云思兰惊异的看着没有让她喝下去的雪凌寒。还没等她问出来。雪凌寒另一手拿起琉璃杯,一手撑住云思兰的头强行灌下去。
云思兰只觉得一股清凉的液体滑入自己的喉咙,口里充斥的都是清凉的味道。一杯下去,云思兰有些轻喘。雪凌寒放下酒杯温柔的看着一直哈着气的云思兰没有说话。云思兰发现自己渐渐有
些神志不清,眼睛看的越来越模糊,力气也越来越小。她在清醒的最后一瞬间,似乎听到一个轻柔的呼唤声“兰”。
绑架16
“皇上,这雪国一直与我慕王朝的势不两立,我们何不尽早将其铲除。”慕明满语重心长的说着。
“皇叔,这雪国断然与我国近年来相处不是很和谐,但是却没有侵犯过我国的什么利益,所以这时铲除似乎不太适合。何况人民也不想处于战争当中。”慕毅瑾不紧不慢的说着。
“嗯。雪国虽然在政治上与我国有些瓜葛,但是并没做什么破格之事。”慕严坐在龙椅上一边摸着胡子一边点头说着。
“这雪国私下里与那脂毒教勾结,一直暗地里买募招兵,待他们时机成熟,定会大举旗帜攻击我国。”慕明满顿了顿,看了看一脸镇定的慕毅瑾,又接着说“所以我们应当提早歼灭他们。”
慕严听候摸着胡子想了想,觉得慕明满说的也没有错,点点头,又看向慕毅瑾“太子你觉得如何?”

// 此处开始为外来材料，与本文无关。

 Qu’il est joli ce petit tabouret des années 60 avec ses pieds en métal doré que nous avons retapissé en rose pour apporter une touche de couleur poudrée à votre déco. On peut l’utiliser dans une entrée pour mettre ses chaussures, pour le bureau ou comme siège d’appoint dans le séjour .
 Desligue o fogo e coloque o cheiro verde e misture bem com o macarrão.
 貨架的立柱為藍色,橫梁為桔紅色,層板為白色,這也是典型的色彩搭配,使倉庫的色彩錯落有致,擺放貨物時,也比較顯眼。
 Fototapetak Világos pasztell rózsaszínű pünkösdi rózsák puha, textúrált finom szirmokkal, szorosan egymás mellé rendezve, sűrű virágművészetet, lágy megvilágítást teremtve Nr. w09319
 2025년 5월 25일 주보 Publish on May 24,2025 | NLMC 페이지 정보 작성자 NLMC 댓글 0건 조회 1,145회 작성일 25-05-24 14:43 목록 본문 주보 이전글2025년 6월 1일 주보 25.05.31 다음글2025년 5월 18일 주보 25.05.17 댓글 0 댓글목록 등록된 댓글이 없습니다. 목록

慕毅瑾看了眼一副势在必得样子的慕明满,不屑的笑了笑回答“儿臣以为,这脂毒教已经在江湖中销声匿迹多年,况且消息说脂毒教已经与雪国不和,所谓暗地里勾当似乎有些没有证据站不
住脚的情报。况且现在雪国上下有十几万人民,若贸然进攻,那些人民怎么办?我们慕王朝的人民现在也是安居乐业,我们岂能就为这些没把握的情报就至人民与水火之中。”慕毅瑾又想了
想,看了眼有些咬牙切齿的慕明满,继续说“况且,儿臣觉得我们可以利用脂毒教,来控制雪国。”
“哦?如何利用?”慕严一听立即来了神,追问着。
“这只是儿臣的想法而已,利用脂毒教,不过是控制了他们的头就没问题了。”慕毅瑾想了想回答着。

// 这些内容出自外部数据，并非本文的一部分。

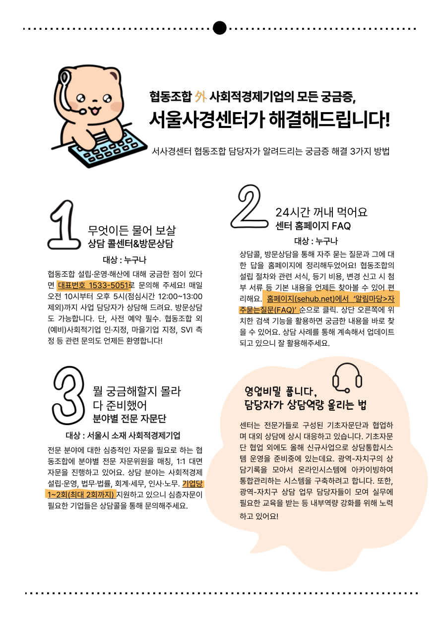 | 사회적경제 기업 상담 운영 안내 (☎ 1533-5051) | |||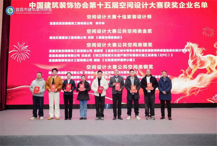 市委社工部部长、市委“两新”工委书记皮祖武向获得2025年度中国建筑装饰协会第十五届空间设计大赛奖项的企业,颁发获奖证书,祝贺他们夺得国家级奖项,激励市建筑装饰协会持续加强产业链党建工作,培育更多专业人才、行业精英、领军人物和精品工程、品牌服务,为持续推动宜昌市建筑装饰产业发展,提供政治保证和组织保障。
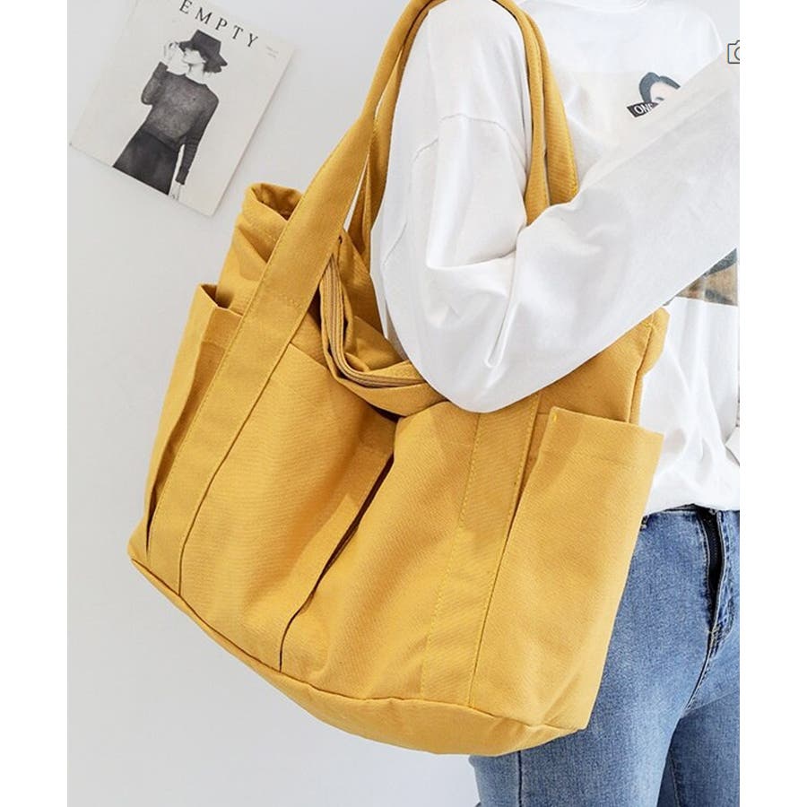 丈夫なキャンバス生地を使用し、くったりフォルムが優しい印象のおしゃれなトートバッグ◎
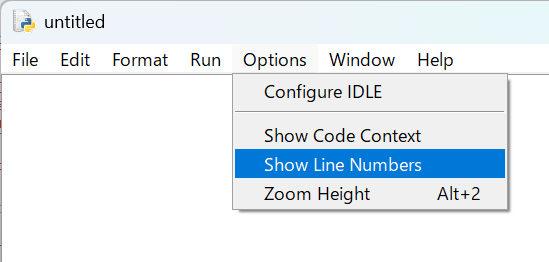 プログラムを作成して実行してみるとエラーとなる場合がよくあります.その際にエラーメッセージを IDLE のシェルに表示してくれるのですが,その時にはエラーが生じた原因が何行目にあるのかも教えてくれます.そのため,エディタで行番号を表示させることは必須と言っても過言ではありません.皆さんも行番号を表示させる設定を行っておいてください.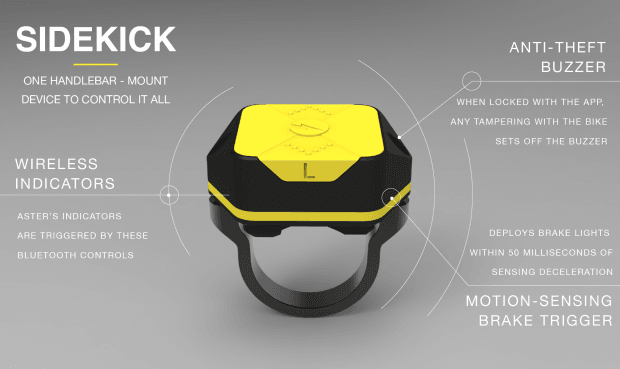 Aster, gidona yerleştirilen Sidekick isimli kontrol cihazı ve Lumos Aster Uygulaması ile görünürlük dışında başka özellikler de sunabiliyor. Aster, Sidekick ve Lumos birbirleriyle Bluetooth üzerinden konuşabiliyorlar. Uygulama üzerinden Aster’in ışık ayarları düzenlenebiliyor, pil azalınca uyarı verilebiliyor ve hırsızlığa karşı koruma önlemleri devreye alınabiliyor. Örneğin, Lumos kullanarak Sidekick’i kilitleyebiliyor, böylece bisiklet kilitinizin üzerine bir kat daha güvenlik önlemi almış oluyorsunuz. Bu sistem devredeyken bisikletiniz 5 saniyeden daha uzun süre hareket ettirilirse alarm çalmaya başlıyor.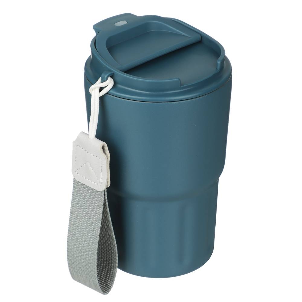 Компактный объём 360 мл удобно помещается в автомобильный подстаканник или рюкзак, а эргономичный дизайн делает каждое использование комфортным. Стильный синий цвет и практичный ремешок добавляют изделию современный вид и мобильность.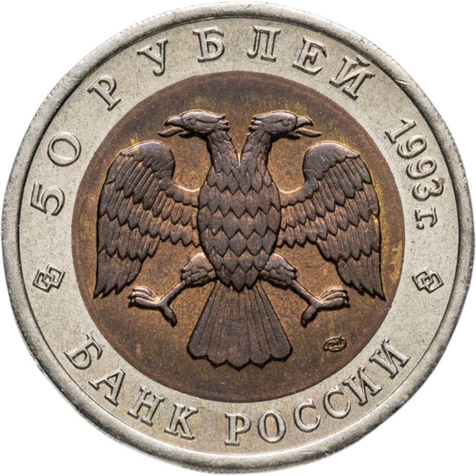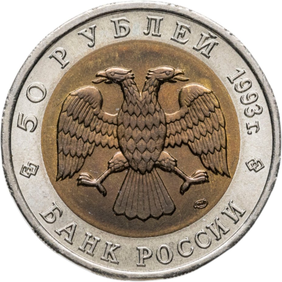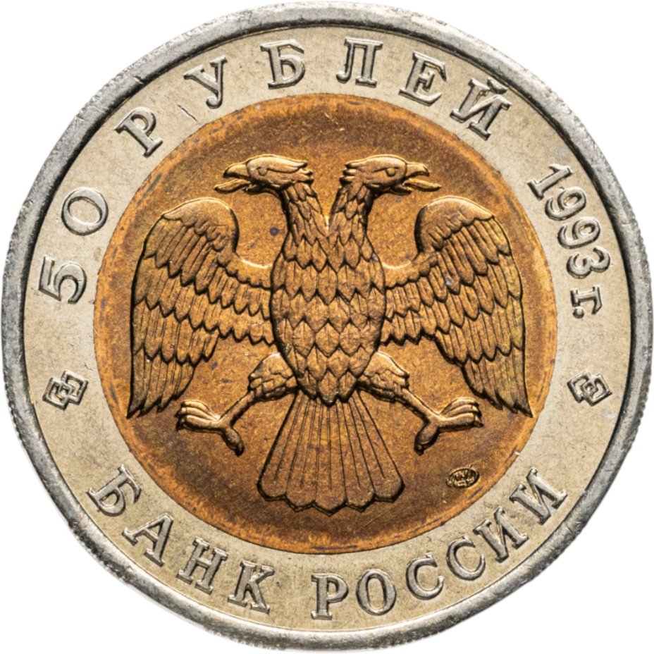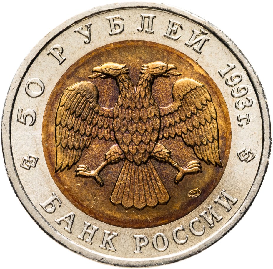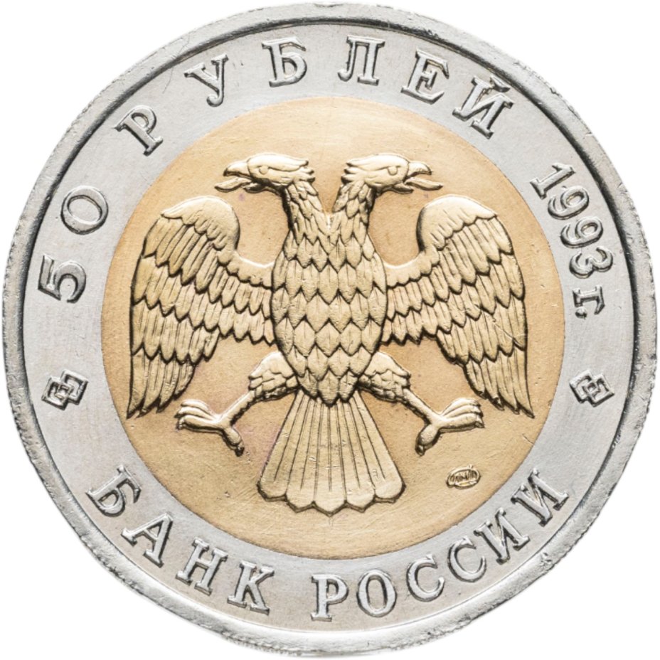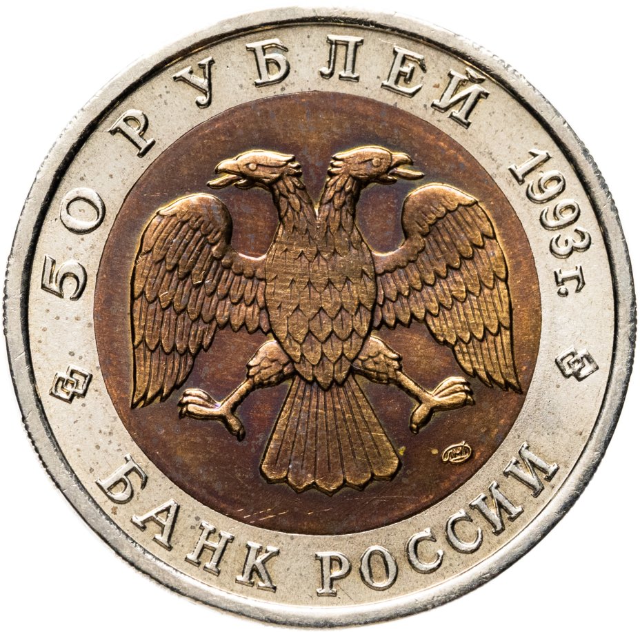 - В 1993 году номинал биметаллических монет увеличивается в пять раз и становится равен 50-и рублям. Кроме того, впервые появляются серебряные монеты номиналом 1 рубль. Они выпускаются в PROOF-качестве. Чеканятся те же животные, которые чеканились на биметалле. Начальный тираж — 50000 штук.

“太子莫不是已经想到了方法?所以势在必得。”慕明满挑着眉说着。
“皇叔说笑了。本宫现在也只是在打听脂毒教的行踪,暂时还没有什么具体方法。”慕毅瑾客套的说着。其实他心里已经把一切都计划好了,不过如果现在告诉慕明满,谁能料到他会不会添油
加醋点什么。
慕明满见状也不好再说什么。皇上也是一直点头,并没有要继续问下去的意思。
“嗯。那这件事先放一边。太子,你那婚事……”慕严顿了下“静宁是个好女孩,你要好好珍惜啊。”说完,慕严又看向一旁一直微笑着的慕明满。
“呵呵,是啊。贤侄现在还年轻,理应当多储备些后裔。”慕明满应和着说着“静宁一直挺喜欢太子,如今能嫁进太子府也是我们静宁的福气。哈哈哈……”
慕毅瑾纵使百般不愿意也不想在这个时候惹怒哪个,只好应了几声,便请安离开。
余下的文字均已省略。